Wednesday, September 03, 2008

another old poem embedded in thoughts on old poets

Books come from books; isn’t that what David W. McFadden used to repeat? In Ireland, I watched Stephen Brockwell at Thoor Ballyle, Yeats' infamous tower near Galway, taking photographs and generally being neurotic, in that way only Brockwell can. Did he end up writing a poem about the visit? I don’t recall. I remember he spent ten minutes obsessing over the fact that he couldn’t find the lens cap to his camera, when it was in his jacket pocket the whole time. Or was it still in the car? We were doing a little reading tour around Ireland in 2002, spending a few days in Dublin, and doing three daily readings in Dingle, Galway and Cobh, able to stop our little rental car by Yeats' tower along the way. Unfortunately for his plans, since we were there in February, we were two months early, unable to get inside and tour around. Given that the country had relatively few tourists wandering around but for us, I don’t think either of us minded the trade-off. What has this to do with Keats? Absolutely nothing.

keats, at 206, is very old
(after bromige

out into that,
wingless view

over annex, &
janets store

of books

true, this only comes
w/ that

or is it time

& then to keep time,
w/ any age

an appreciation
of fact

& this autumn part
of bloor

one loves life
for all the living
For years, I've made the joke that Brockwell only reads the dead, and I only read the living. Keats and Yeats. What was that line from John Thompson's Stilt Jack (Anansi, 1976), the first two lines of "Ghazal IX," writing:

Yeats. Yeats. Yeats. Yeats. Yeats. Yeats. Yeats.
Why wouldn’t the man shut up?
But that's beside the point. I'd read a few David Bromige books here and there, including books by Brick Books and Black Sparrow, but it was the one that I picked up from Janet Inksetter's former store location for Annex Books, Birds of the West (Coach House Press, 1974), that really struck me. Struck enough to fall into this little piece, left in the middle of the book that became name , an errant (Stride, 2006). Bromige is one of those Canadian west coast 1960s poets, one of the University of British Columbia student-poets, that participated in the infamous 1963 Vancouver Poetry Conference, despite heading south a year earlier to Berkeley for further studies. Part of a group of Vancouver writers that included George Bowering, Frank Davey, Fred Wah, David Dawson and Jamie Reid, he kept in touch through correspondence with his Canadian friends, as well as publishing books with Talonbooks and Coach House throughout the years, as well as over a dozen by American publisher Black Sparrow. Wasn’t there a story of he and George Bowering sending inappropriate emails back and forth on the SUNY-Buffalo Poetics list-serve a few years ago, and being asked to either leave or tone down?

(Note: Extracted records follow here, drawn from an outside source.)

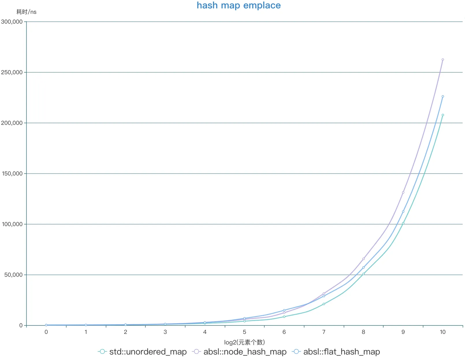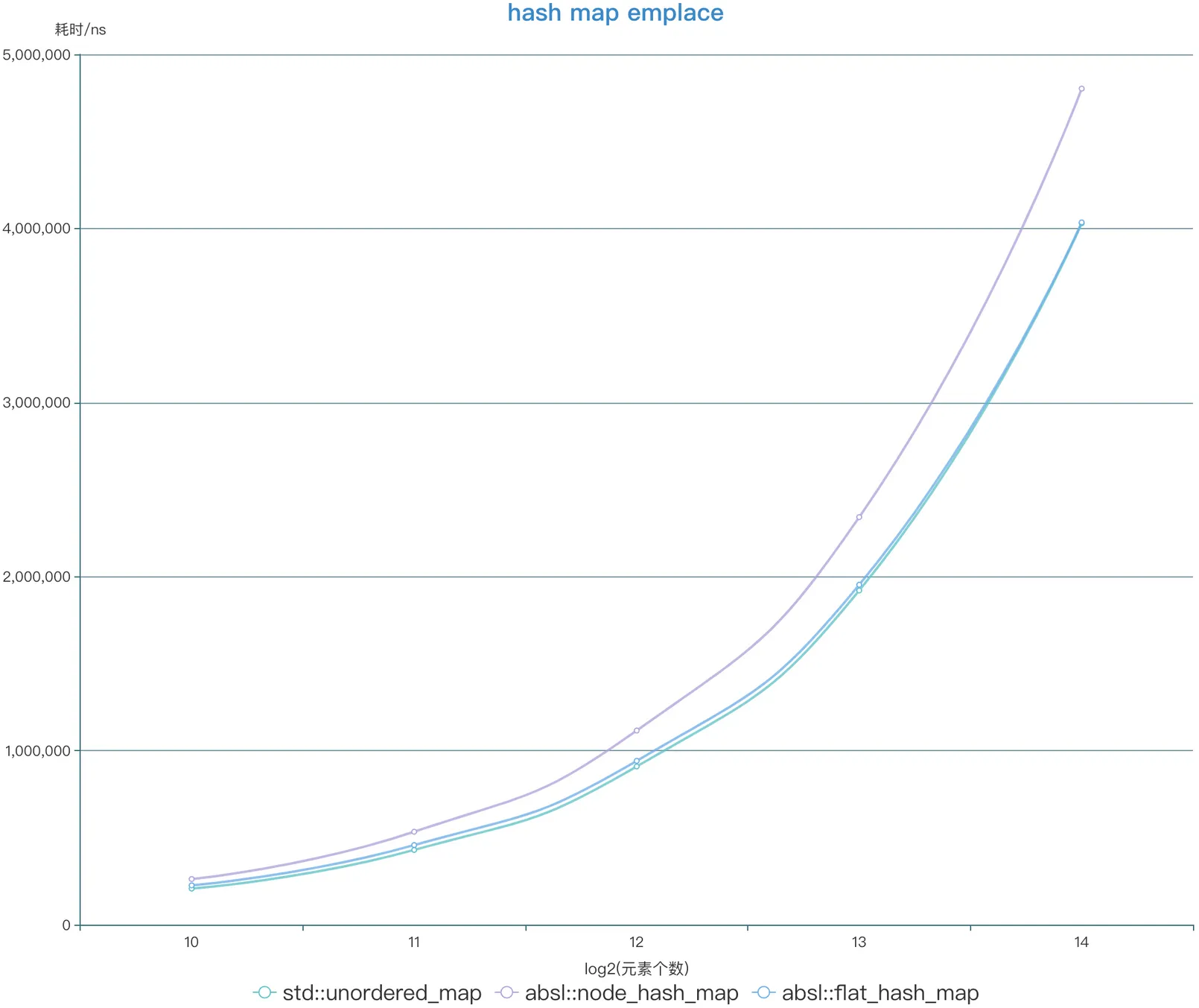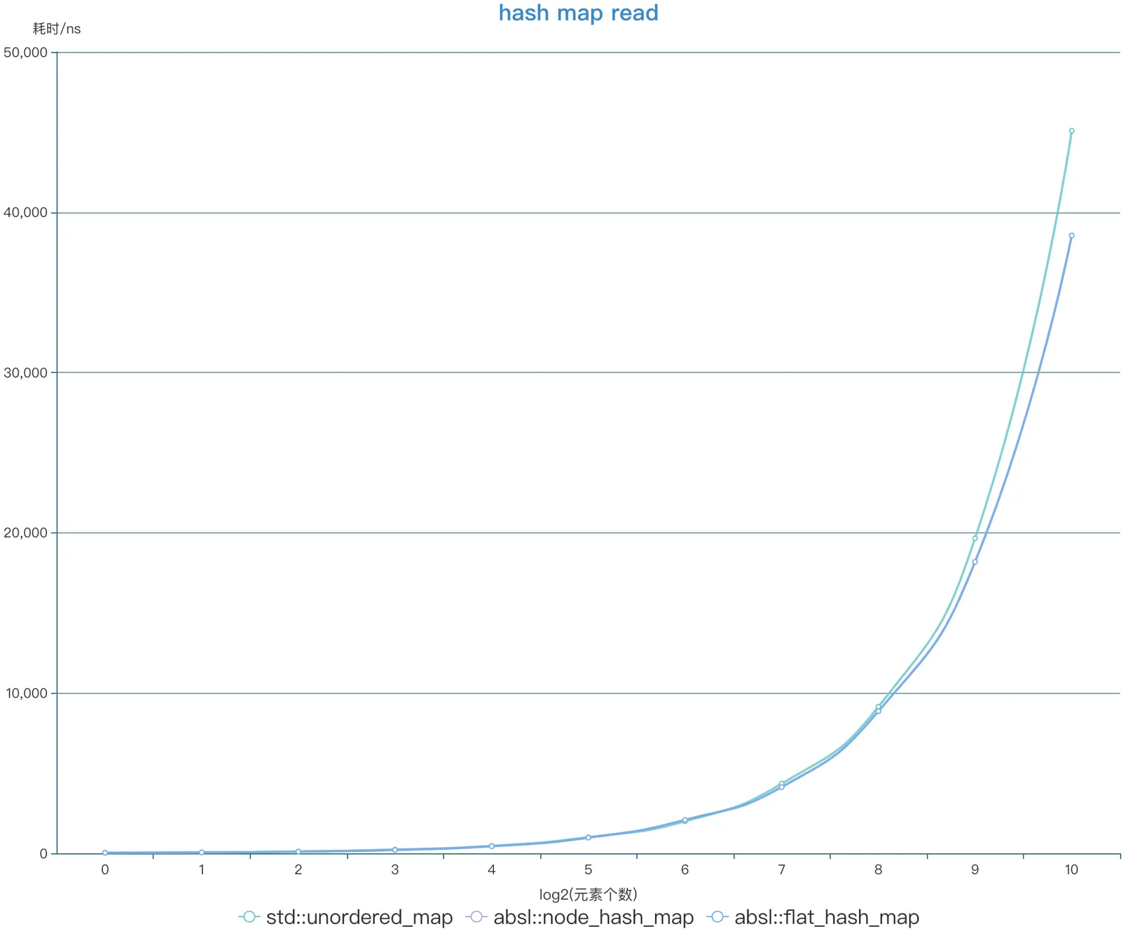从测试结果可以看出,写操作耗时:std::unordered_map < absl::flat_hash_map < absl::node_hash_map,absl::flat_hash_map比std::unordered_map耗时平均增加9%;读操作耗时:absl::flat_hash_map <absl::node_hash_map <std::unordered_map,absl::flat_hash_map比std::unordered_map耗时平均降低20%。
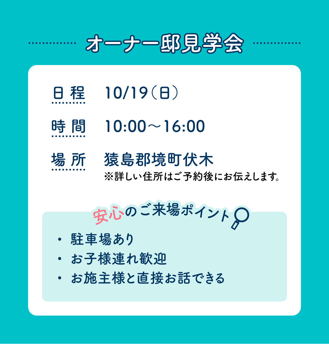| タイトル | 古河展示場 魅せる動線にこだわった家 オーナー様邸見学会 |
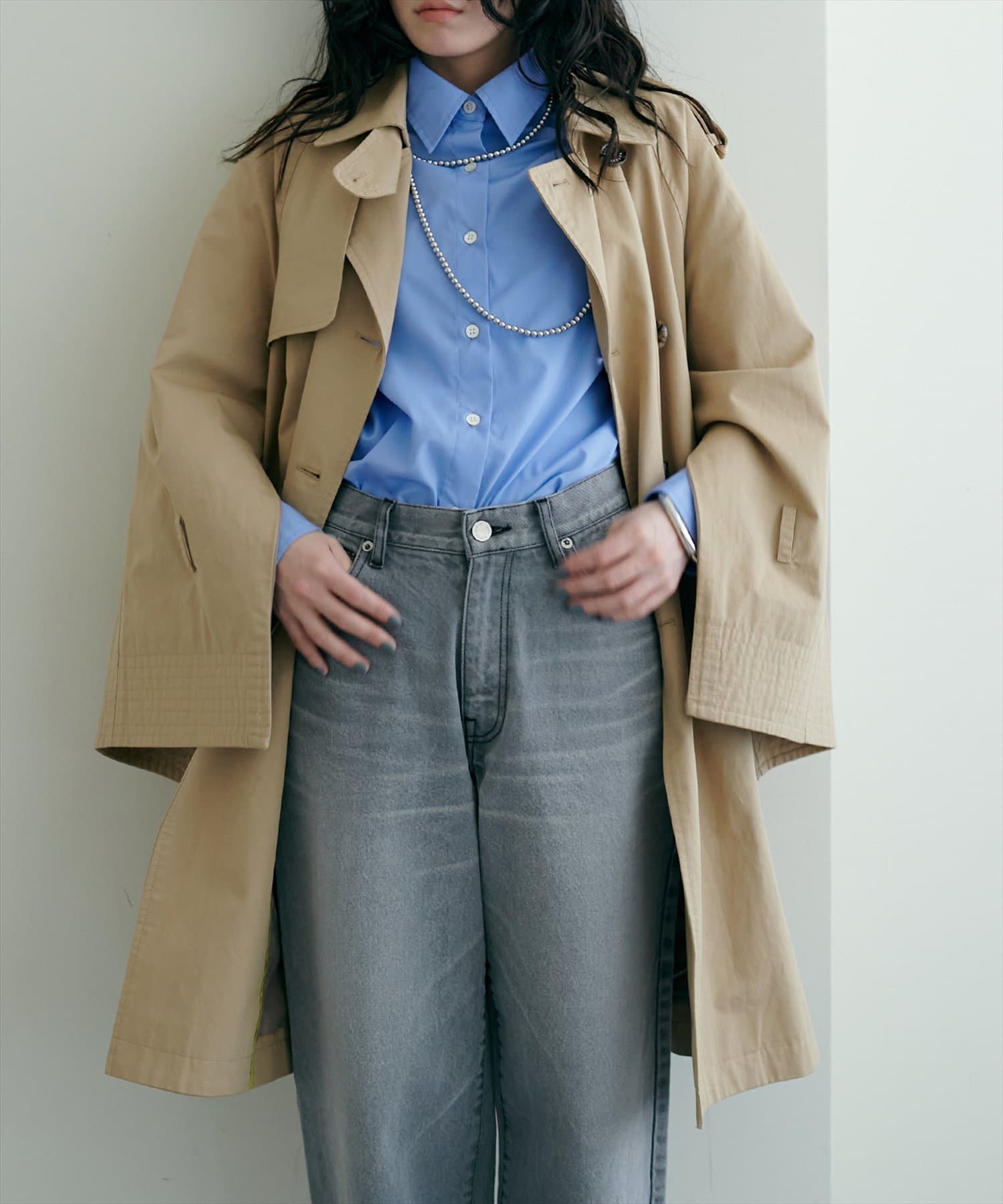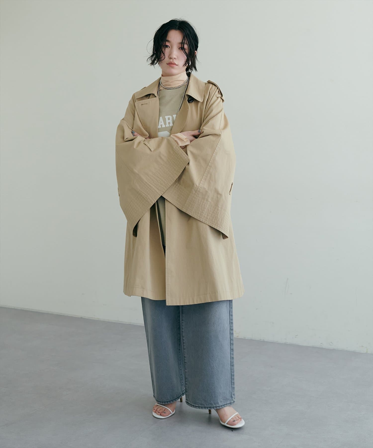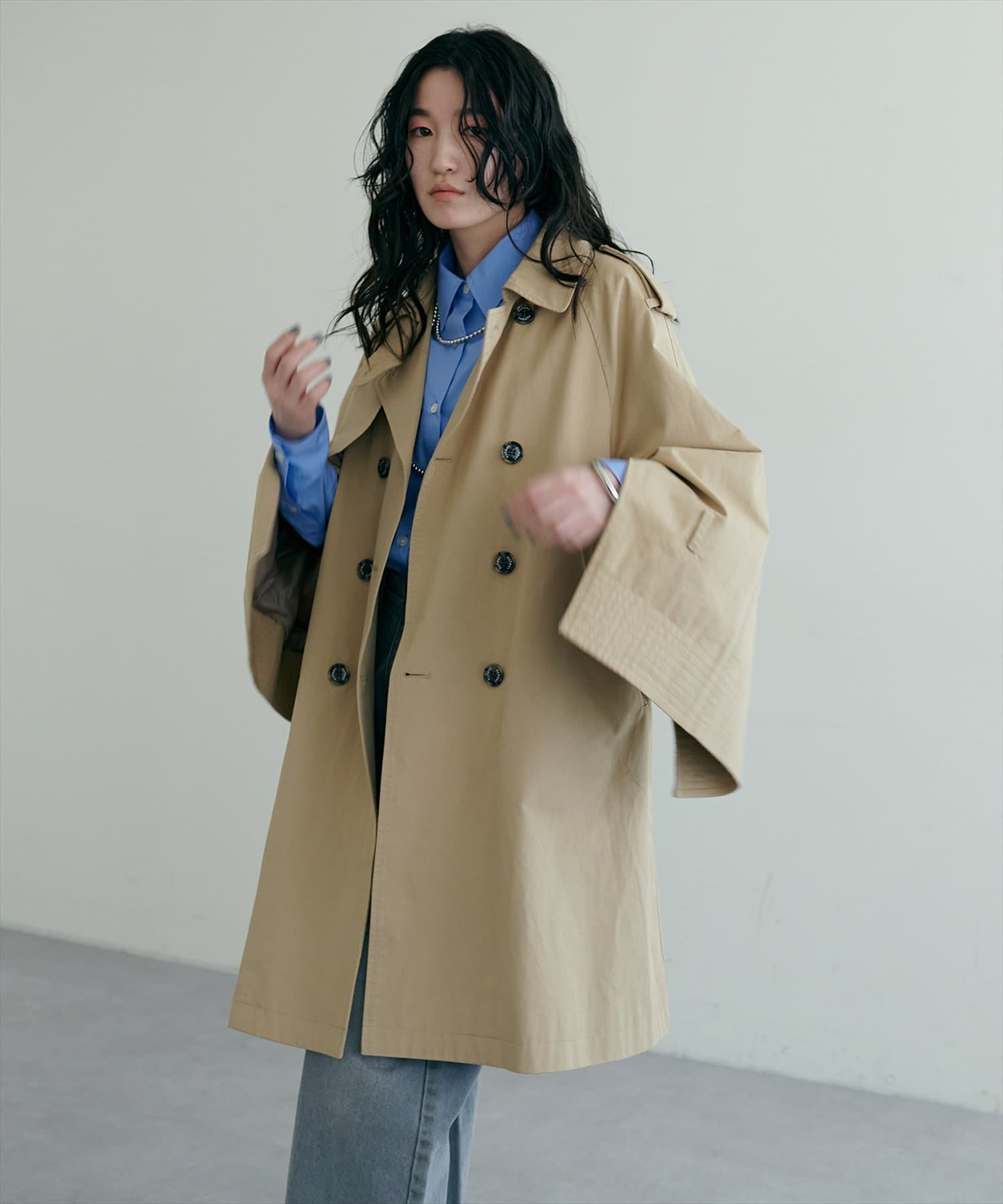 スリットスリーブミドルケープトレンチコート

It was the short lines Bromige used in this particular collection that triggered, working his own kind of references to Keats in one of the pieces. Are all poems simply responses to other poems? Writing from writing, McFadden said, books from books.

Whenever I travel, I like to have a familiar place I return to daily write, whether a particular coffeeshop in Vancouver just by MacLeod's Books, a Second Cup on Whyte Avenue in Edmonton or the Grad Lounge at the University of Alberta, or the Future Bakery on Bloor Street in Toronto's Annex. This particular poem was written at the Future Bakery, close enough to the University of Toronto to be a student hangout, and where, over the years, I've seen, deliberately and accidentally, writers such as Nathaniel G. Moore, Adeena Karasick, Stan Rogal, Steve Venright, Colin Christie, Beth Easton, Rebecca Rosenbaum, Leon Rooke, Catherine Kidd, Dana Bath, Corey Frost, Cary Fagan, Jim Munroe, Andy Brown and various others. Years ago, I would regularly drop in at the Book City location nearby to visit with writers that worked there, including Derek McCormack, Patrick Rawley, Paul Vermeersch, Alana Wilcox, Chris Chambers and John Degen, and to even be near St. George Street and not visit Coach House is simply a crime. The years of Victor Coleman and Darren Wershler-Henry before the advent of Alana Wilcox, with the numerous threads that might never leave: Nicky Drumbolis, Rick/Simon and Stan Bevington.

Toronto writer and editor Michael Holmes even wrote a small book in the same Future Bakery a few years before I started writing there, published by Coach House Printing, predating the new Coach House Books by a couple of years, produced in a cd case as Satellite Dishes from the Future Bakery (Coach House Printing, 1994). I don’t think I've been nearly so overt. Still, I've done enough travel that I like my routine, my comfort, returning daily to a particular locale for the sake of grounding, to be able to sit and to write, take notes. How else to feel like a person during such a displacement?